What the exercise asks: Using the listing below, copy exactly the lines from the one containing "Нефтекомпании США ожидают" to the one containing "This photorealistic image", both lines included, and no others.

Data for this exercise:
--- --- ---

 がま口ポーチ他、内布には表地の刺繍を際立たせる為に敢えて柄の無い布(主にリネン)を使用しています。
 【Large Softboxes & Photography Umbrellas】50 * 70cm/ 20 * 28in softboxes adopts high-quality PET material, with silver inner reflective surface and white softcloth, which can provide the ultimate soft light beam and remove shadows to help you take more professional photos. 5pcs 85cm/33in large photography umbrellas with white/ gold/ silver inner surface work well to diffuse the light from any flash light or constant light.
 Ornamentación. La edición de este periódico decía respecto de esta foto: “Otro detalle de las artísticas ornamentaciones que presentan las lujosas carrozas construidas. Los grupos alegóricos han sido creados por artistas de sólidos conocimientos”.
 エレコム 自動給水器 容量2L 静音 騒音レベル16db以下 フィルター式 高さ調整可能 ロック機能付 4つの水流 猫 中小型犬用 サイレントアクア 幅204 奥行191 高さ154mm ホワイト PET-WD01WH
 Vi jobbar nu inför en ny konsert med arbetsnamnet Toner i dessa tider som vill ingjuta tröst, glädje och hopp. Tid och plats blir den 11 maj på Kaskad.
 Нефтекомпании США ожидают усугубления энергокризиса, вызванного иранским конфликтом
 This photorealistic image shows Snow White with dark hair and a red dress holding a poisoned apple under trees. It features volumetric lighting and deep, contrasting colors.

--- --- ---

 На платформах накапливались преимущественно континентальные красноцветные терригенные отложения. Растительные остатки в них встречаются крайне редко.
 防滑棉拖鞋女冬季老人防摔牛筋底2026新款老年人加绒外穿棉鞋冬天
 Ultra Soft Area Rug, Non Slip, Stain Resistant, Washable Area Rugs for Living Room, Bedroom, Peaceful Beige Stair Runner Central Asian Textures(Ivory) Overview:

--- --- ---

Exercise solution:
 Нефтекомпании США ожидают усугубления энергокризиса, вызванного иранским конфликтом
 This photorealistic image shows Snow White with dark hair and a red dress holding a poisoned apple under trees. It features volumetric lighting and deep, contrasting colors.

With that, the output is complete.